Sean barker wrote: (01)
> "I come to bury Caesar, not to praise him"
>
> The title for this thread is "interpreting OWL"; the discussion of
> EXPRESS was a thought experiment to see just how perversely one could
> interpret OWL, essentially as a way of asking, "What level of
> interoperability does one get from using OWL?" The answer has come back,
> loud and clear, "OWL doesn't help at all." This is not a discussion I'd
> observed before, but is important in setting the right (low) level of
> expectation for the Semantic Web.
> (02)
Well, on the CL exploder there has been a discussion of "Why XCL?", and
the assessment is: Not because XML is good, but because students and
managers believe it is all there is. That IMO applies also to OWL. It
is the only modeling language W3C has, and thus it will come to dominate
that part of the trade that is looking for a way up from XML Schema, and
from the same fount of knowledge. One thing is certain: no one will
ever again be taught EXPRESS. (03)
> -------------
>
> Following the comments about not being able to represent cyclic
> structures in OWL, my hacker's instincts kicked in, and remembering that
> EXPRESS data models can be translated into XML messages, which are also
> tree structured, it strikes me that one could:
>
> a) Define two integer properties Id, and Ref
> b) Create an implied relationship, that a value of Ref is a link to a
> thing with its Id the same value as Ref
> c)
> Id Ref
> 1 2
> 2 3
> 3 1
>
> While this is not a mechanism explicitly understood by OWL, it a cyclic
> structure that could be expressed in OWL.
> (04)
And as a consequence it may as well be in XML, because no tool that does
anything useful with OWL will do anything useful with these undefined
unrelated properties.

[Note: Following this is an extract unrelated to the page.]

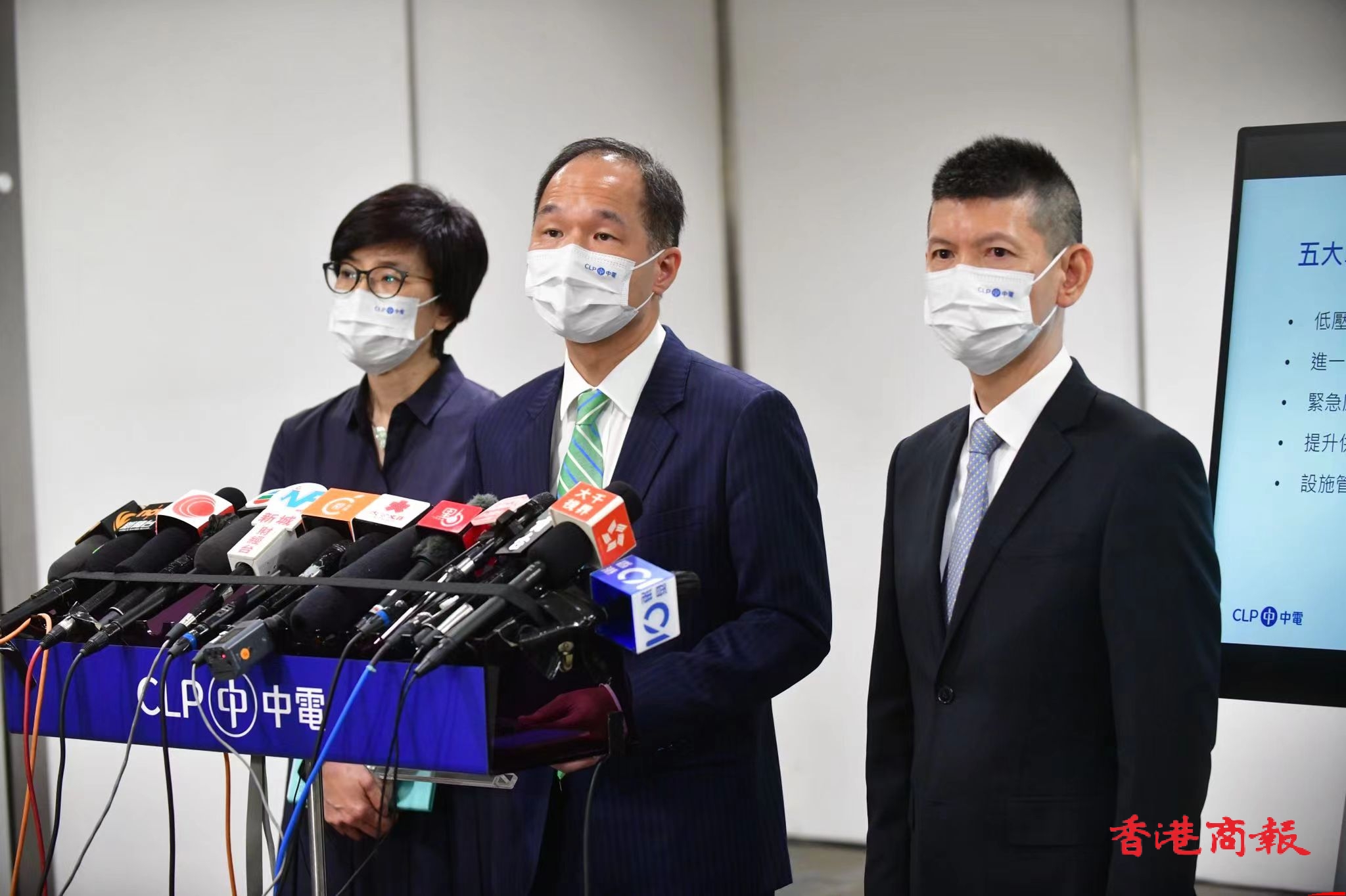 中華電力公布元朗電纜橋起火事故調查報告。左起:中華電力企業發展總裁莊偉茵、中華電力總裁蔣東強、中華電力輸電及供電業務部高級總監張寶中。記者 崔俊良攝

If you don't use the language to define any
relationship between these primitive relations, then they don't have any
relationship, except to you. (05)
> Given lots of cunning graduates being expected to provide theses using
> OWL, one can confidently predict that where it does not do what they
> want directly, it will be twisted to do it indirectly.
> (06)
Yes. I recently coached a new Ph.D. who made an OWL metamodel of XML
Schema, developed an OWL ontology for the domain and defined his own
mapping language for the semantic associations. It is all in OWL
formally, but his tooling is the only thing that can process his mapping
primitives to do semantic mediation. But by being in OWL, it was
academically acceptable, while doing the same thing in XSLT is not. (07)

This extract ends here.